### Work instructions
I'd like the data beneath this line reproduced exactly, without any of its images.

### Data shown
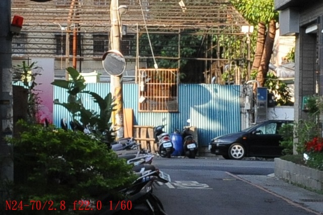 其他兩者的畫質,說實在話,如果沒有標上鏡頭資訊,我還真分不出哪張照片是哪支鏡頭拍的,若嚴格要挑,那就是邊緣部分24-70勝出!不過變形控制是定焦的24mm比較好!
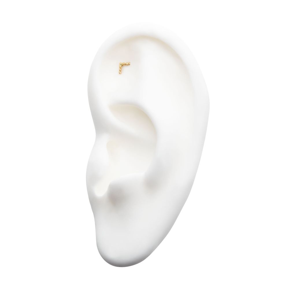 14Kt Yellow Gold Threadless with 7 Beads Triangle Top is made of solid 14kt nickel-free Gold with durable 316LVM ASTM F-138 Implant Grade Steel Pin designed to be practical and easy to use. Fits all sizes of pins and bases in our threadless body jewelry line. Pin Size: 0.45mm x 4.7mm.
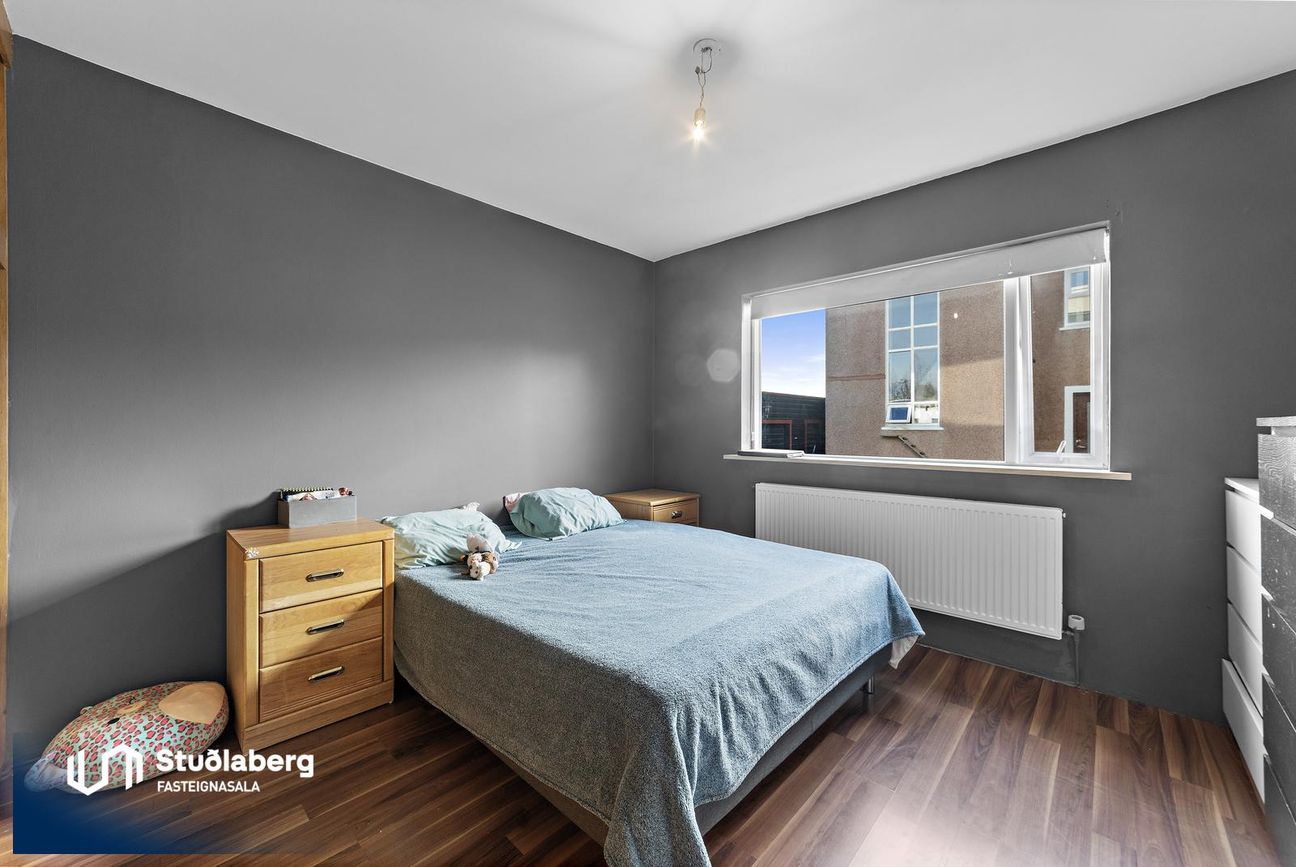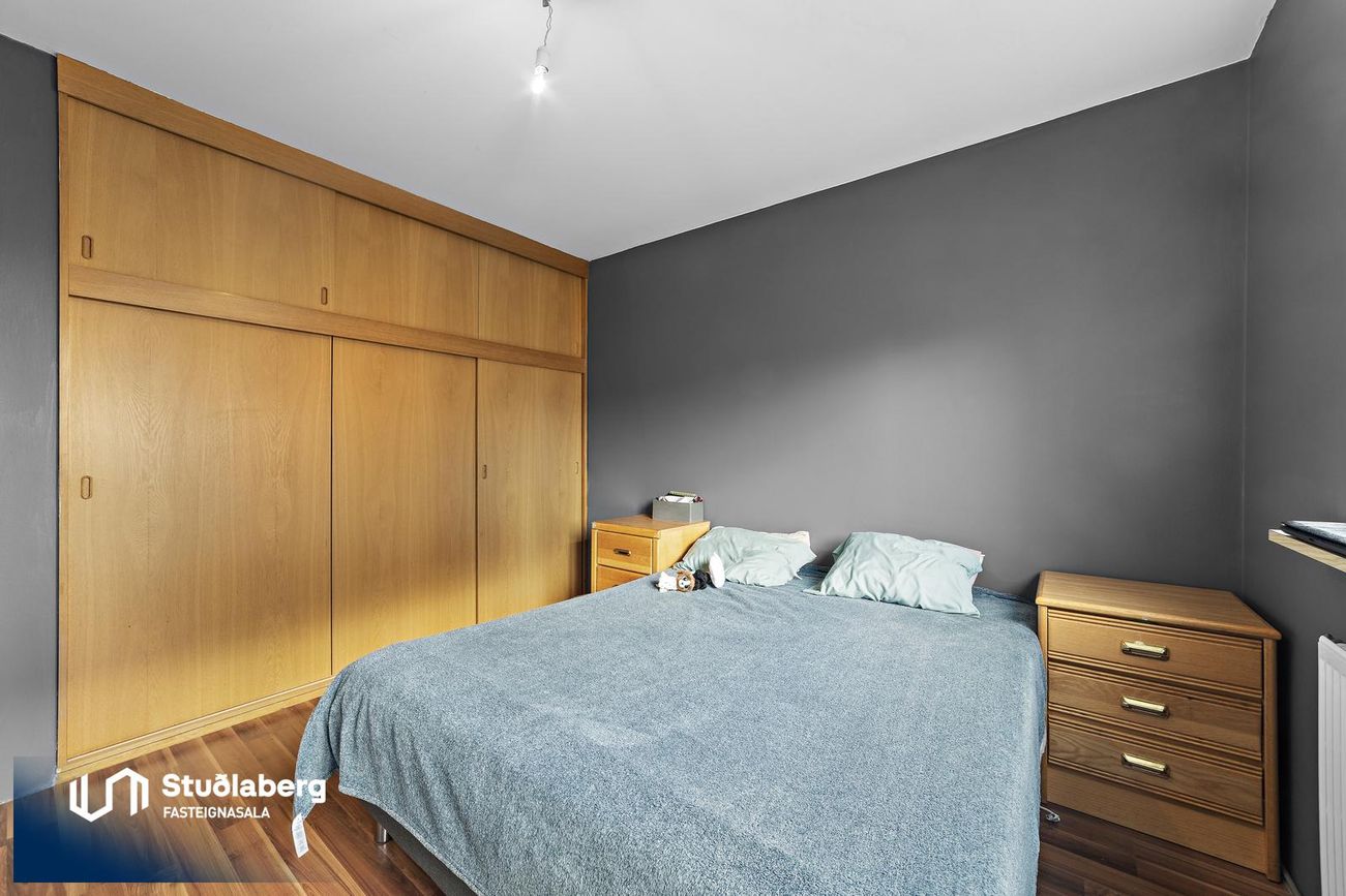Svefnherbergin eru þrjú og hafa parket á gólfi, plássmikill fataskápur í einu.
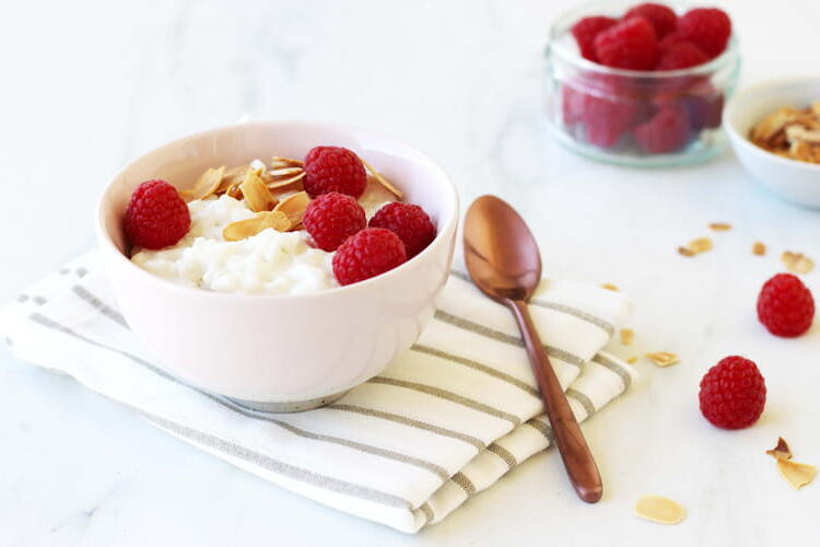 Coconut milk rice pudding with raspberry and almond.
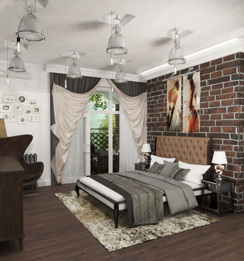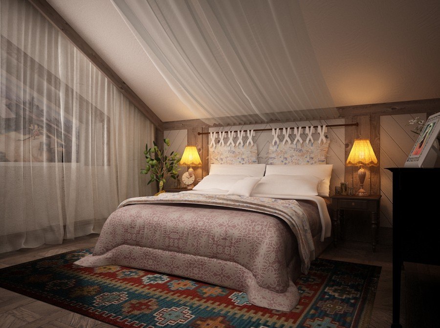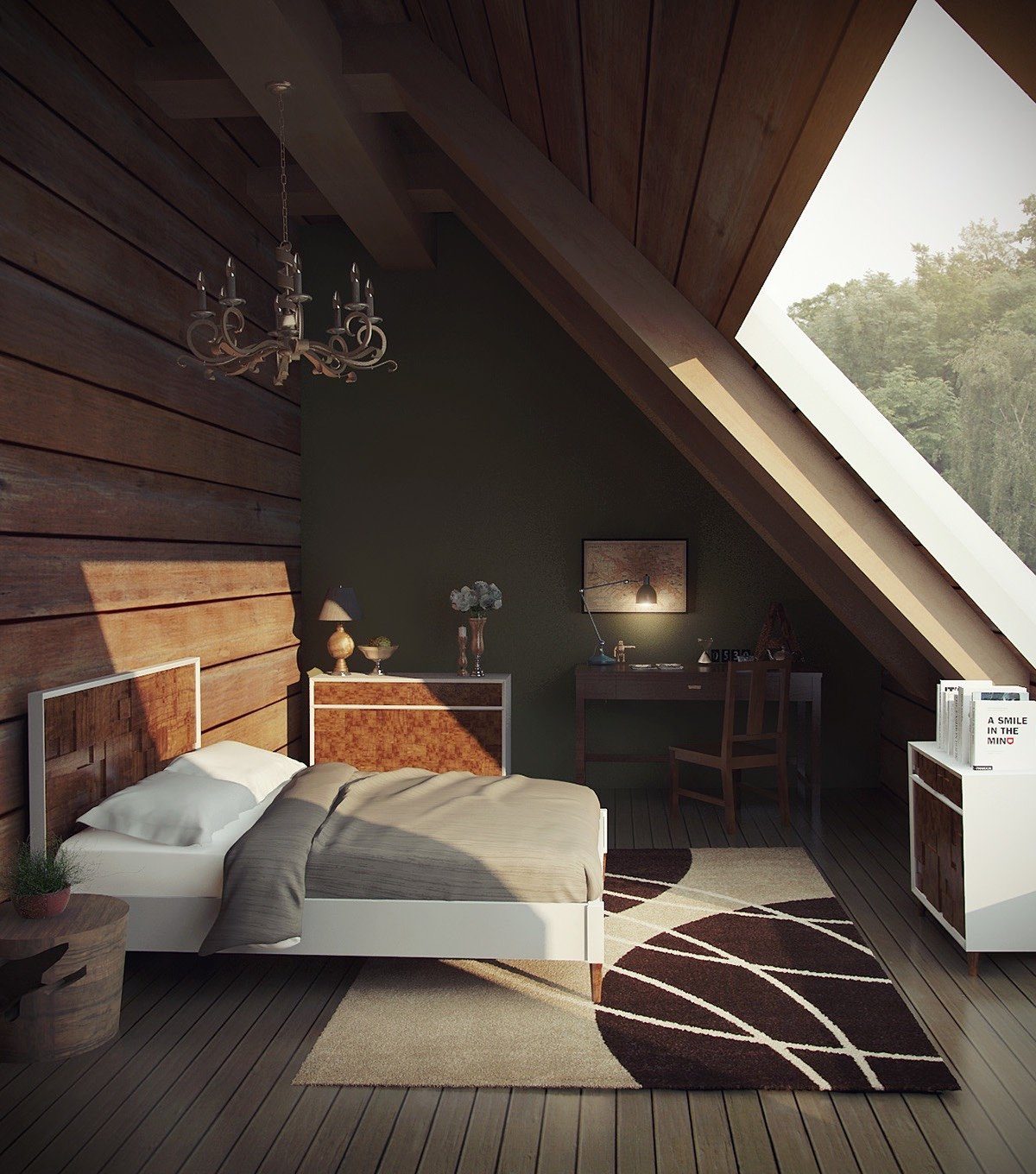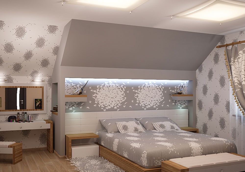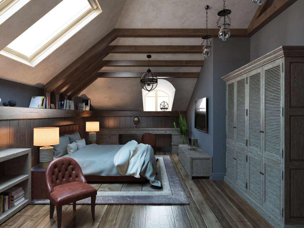 Дизайн спальни в частном доме вдали от гостиной и кухни
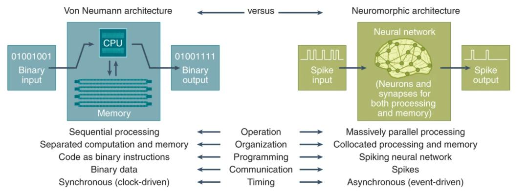 冯诺依曼架构与神经形态架构的对比,图源丨Nature Computational Science[7]
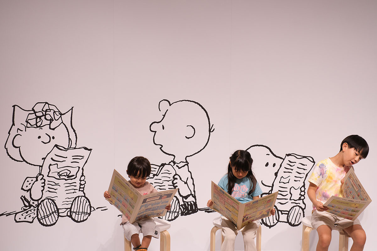 会場の一角には、もともと新聞連載から始まったということで、新聞を手に写真が撮れるフォトスポットが設けられていました。子どもたちも各々の新聞を手に取りパチリ。ぜひ「ピーナッツ」の仲間と一緒に記念撮影してみてください。
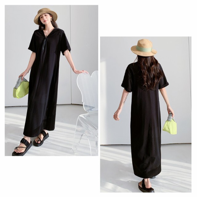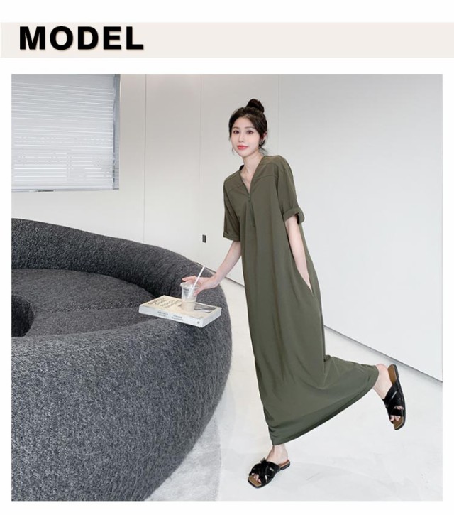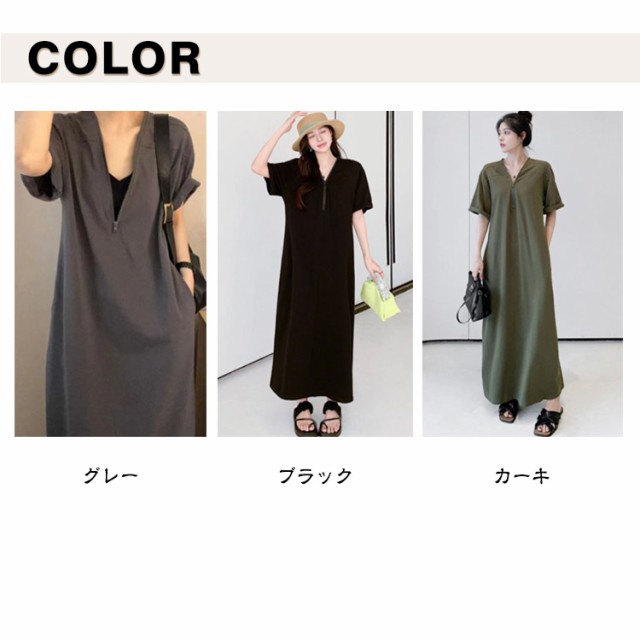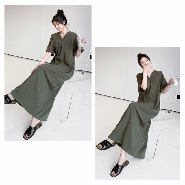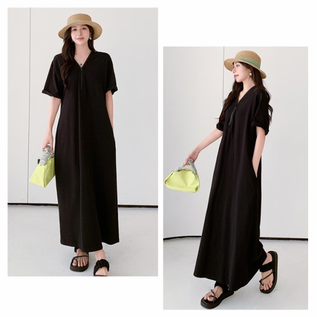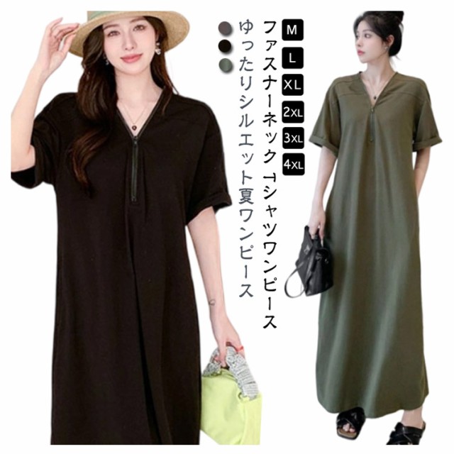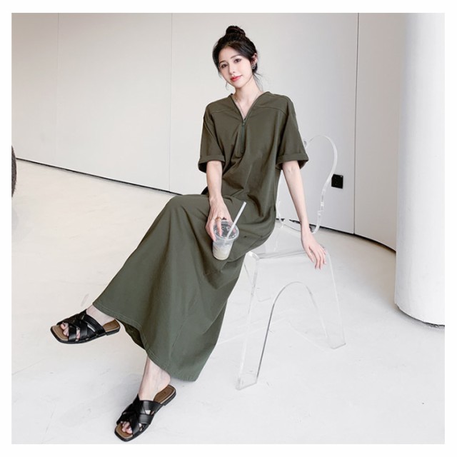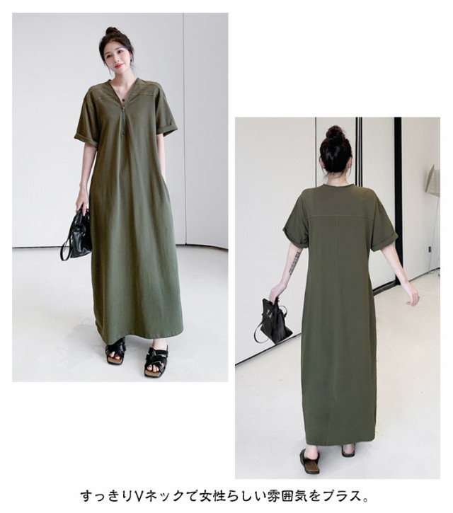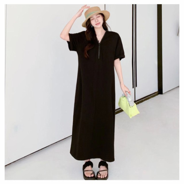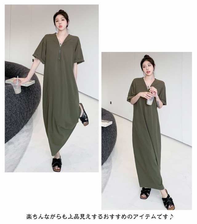 レディース ゆったり ワンピース ファスナーネック 半袖 ロングワンピース Tシャツワンピース マキシ丈 夏 無地 Vネック 体型カバー Tシャツワンピ ハーフジップ 夏 大きいサイズ 着痩せ カジュアル Tシャツワンピース 送料無料 黒 ブラック カーキ

### Expected answer
 其他兩者的畫質,說實在話,如果沒有標上鏡頭資訊,我還真分不出哪張照片是哪支鏡頭拍的,若嚴格要挑,那就是邊緣部分24-70勝出!不過變形控制是定焦的24mm比較好!
 14Kt Yellow Gold Threadless with 7 Beads Triangle Top is made of solid 14kt nickel-free Gold with durable 316LVM ASTM F-138 Implant Grade Steel Pin designed to be practical and easy to use. Fits all sizes of pins and bases in our threadless body jewelry line. Pin Size: 0.45mm x 4.7mm.
Svefnherbergin eru þrjú og hafa parket á gólfi, plássmikill fataskápur í einu.
 Coconut milk rice pudding with raspberry and almond.
 Дизайн спальни в частном доме вдали от гостиной и кухни
 冯诺依曼架构与神经形态架构的对比,图源丨Nature Computational Science[7]
 会場の一角には、もともと新聞連載から始まったということで、新聞を手に写真が撮れるフォトスポットが設けられていました。子どもたちも各々の新聞を手に取りパチリ。ぜひ「ピーナッツ」の仲間と一緒に記念撮影してみてください。
 レディース ゆったり ワンピース ファスナーネック 半袖 ロングワンピース Tシャツワンピース マキシ丈 夏 無地 Vネック 体型カバー Tシャツワンピ ハーフジップ 夏 大きいサイズ 着痩せ カジュアル Tシャツワンピース 送料無料 黒 ブラック カーキ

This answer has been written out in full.